All of these should charge fees for their services, and everyone should have comprehensive health insurance, with state subsidies for those who cannot afford the premiums. There should be a choice of insurance provider and of excess and co-payment options. The money should follow the patient, who should have a free choice of service provider. This is how things are done in sensible developed countries (i.e. those that aren’t the UK or USA) which somehow manage not to have their streets littered with the corpses of the poor.
February 13, 2018
It’s an unfortunate fact that the Tories would like to turn every provision into a money making racket. However, private provision does not have to be motivated by profit and in areas like education and healthcare, competition in respect of the major provision to the majority would be impractical, consequently not-for-profit offers relief from political meddling as well as foreign takeover and profiteering.
February 13, 2018
Any enterprise funded by the taxpayers will become inefficient and bloated until it collapses under it’s own weight.
Private health insurance should be tax deductible, and the tax system should be structured to encourage more private hospitals, GPs and elderly care homes with business rate exemptions etc. to a point where the NHS becomes the provider of last resort.
February 13, 2018
Small pharmacies sell all sorts of stuff which presumably goes towards making them profitable. Is the state really going into competition with other shops selling toiletries, beauty preparations, health foods, even small child’s toys?
The likely end scenario is many small pharmacies closing. Will there be state-run pharmacies within supermarkets? Will there be fewer places where a qualified pharmacist is available? Would they all be attached to GP’s surgeries, removing the need for separate sites?
February 13, 2018
All of the small pharmacies did close down in my town, the local (previous three GP clinic) large conglomerate surgery put alongside a pharmacy – that actually treat their patients like cattle, with long queues waiting, miserable service. I never go there now after a couple of attempts to get prescriptions, I go to a town 30 minutes away which isn’t always convenient but I won’t put up with poor quality generic drugs being substituted for those which the GP prescribed.
February 13, 2018
#Question
“Where do we want the boundary to be between the public and private sectors?”
#Answer
Where any general boundary suffers inflammation
#Examples ( real ones )
High-ranking NHS doctor ” The charges for treating ineligible foreigners for free is only One and a Half Billion pounds per year. It is a drop in the ocean”
High- ranking Local Authority person ” The cost of the annual garden competition is just over One Hundred Thousand pounds. It is a drop in the ocean.”
Same High ranking Local Authority person “The cost of the mini-referendum ( non-binding ) to get a local idea on a regional mayors is two hundred thousand pounds or thereabouts. It is a drop in the ocean.”
First, we must rid our political system of the causes of inflammation. Reducing certain salaries to rather less than “a drop in the ocean” would be a good start
February 13, 2018
I agree, the way some Councils waste money on themselves and their own pet projects stinks.
February 13, 2018
On my former council housing estate..now an ALMO…the waste is greater than it has ever been ….literally…in living memory. Out of their heads! Council Tax goes up every year and they spend it on idiocies. Central government could stop it but doesn’t. Instead they hand out knighthoods, OBEs and MBEs
February 13, 2018
Govt exists, not for ownership, but to protect its citizens. It needs power to raise funds to fulfil its responsibility. It has to moderate the behaviour of those whose actions risk harming others, with monitoring & incentive, yet with force at last resort.
Govt funds should be collected simply, fairly & efficiently, via a few fundamental sources, without the extreme complex multiplicities presently involved that generate waste.
If Govt can protect, moderate & ultimately, control behaviour & resources via its citizens’ collective consent & happiness, it needs to own nothing beyond their own loyalty to quality of purpose.
February 13, 2018
I think we should leave the NHS as it is when it comes to the balance between various private and public parts.

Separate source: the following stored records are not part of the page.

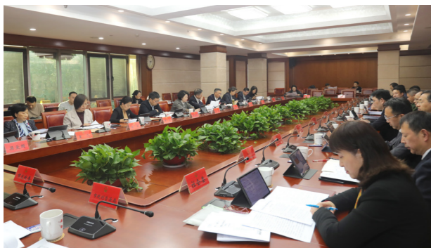
◀ 12月29日至30日上午，市十七届人大常委会二十三次会议召开。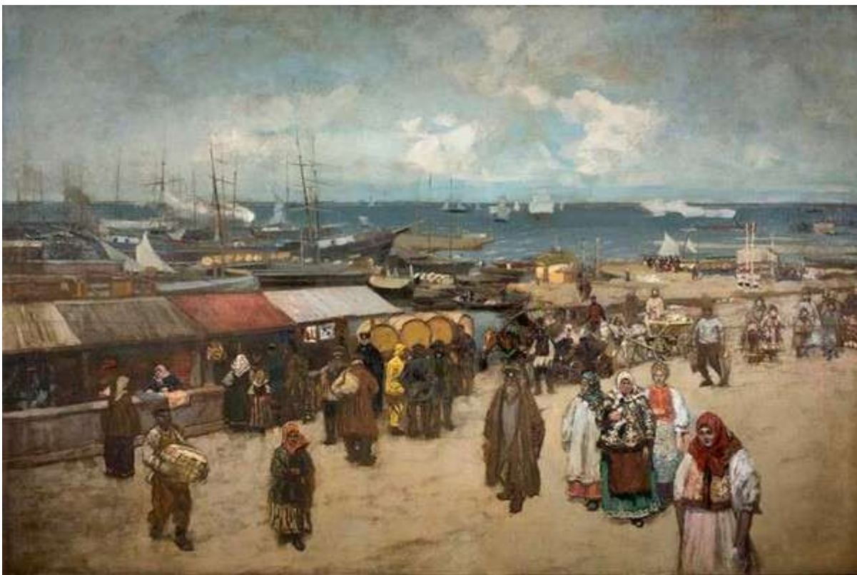
К.Коровин “Базар у пристани в Архангельске”

К.А.Коровин путешествует по Северу в период творческого кризиса. Вернувшись в Россию из Франции, где Константин Алексеевич провел 1892-1893 гг., художник был еще «весь полон искусством импрессионистов, поисками особой живописной красоты и правды образа»[3]. Париж не отвратил Коровина от России. Он скучал по ней. Возвращение на родину после долгого отсутствия придало особую прелесть и новизну всегда милым его сердцу образам. С большим трудом Константин Алексеевич освобождается от внешних заимствований. И помог мастеру в этом Север.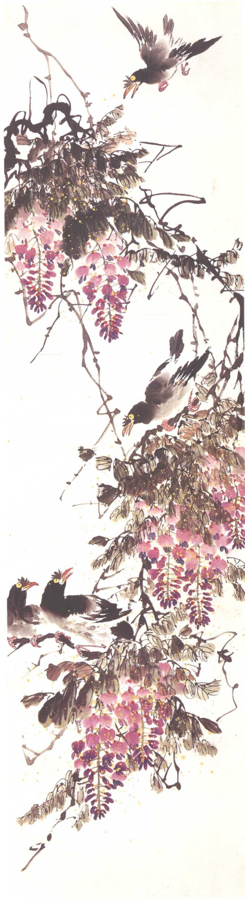
《百花齐放·八哥紫藤言》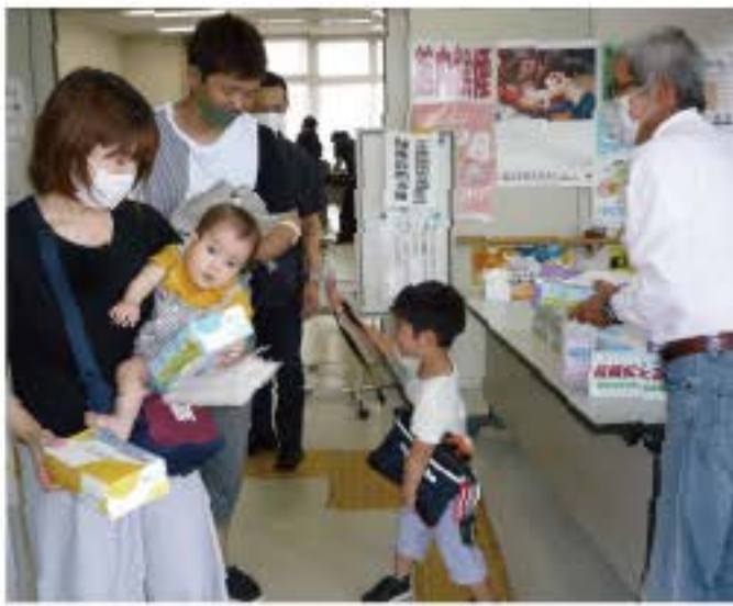
拡大グッズを手渡し未加入者の紹介を呼びかける=伊予支部

【組織対策部】令和2年度の1年間に429人の仲間が新たに加わり、組合員数が6人減少し7年連続での年間増勢とはなりませんでした。また、秋の組織拡大月間では83人の仲間が新たに加わり組織数は4人増え7年連続の増加となりました。

However, it needs to place more emphasis on outcomes. It is very easy for the govt to be lured by the Labour/BBC philosophy that that measures the NHS’ performance by how much money is going in.
The government should rise above that nonsense and think about the health of patients and not about the latest BBC moan.
The govt should also prune bloated empire-building management and should stop paying £80K GPs for carrying out a £45K triage service.
GPs need to be freed from being tied down at the surgery and properly look after their register using prioritisation and allowing nurses to do the triage surgery.
February 13, 2018
Highest amounts of money spent on the NHS may indicate failure. The NHS has become the National Illness Service.
A nation requiring least expenditure would have fitter, healthier citizens, whose lifestyles avoid need for such remedy. Prevention is easier, better & less expensive than complex procedures aimed at corrective outcomes.
Zero expenditure on NHS might be a better target.
February 13, 2018
Not sure if prevention is cost effective as it often results in screening people who otherwise would never have had any contact with the health service.
February 13, 2018
Response to Kenneth:
Any undertaking set by a budget is rationed. Screening folk who are least at risk does waste resource.
Prevention is, however, much wider in scope, including:
Achieving: Physical fitness & healthy body weight.
Cutting: Knife crime & other violence.
Avoiding: Drugs & alcohol excesses, dangerous practices & accidents, unhealthy foods & contact with hazardous chemicals.
Observing: Elderly neighbours at risk.
Educating.
Providing: Facilities, incentives, rewards & penalties, suited to maintaining good performance.
February 13, 2018
“Labour wants to change the current boundaries between public and private provision of public services”.
Indeed and in totally the wrong direction. It would damage everyone’s living standards hugely (other than perhaps a few in the rail and state sector unions).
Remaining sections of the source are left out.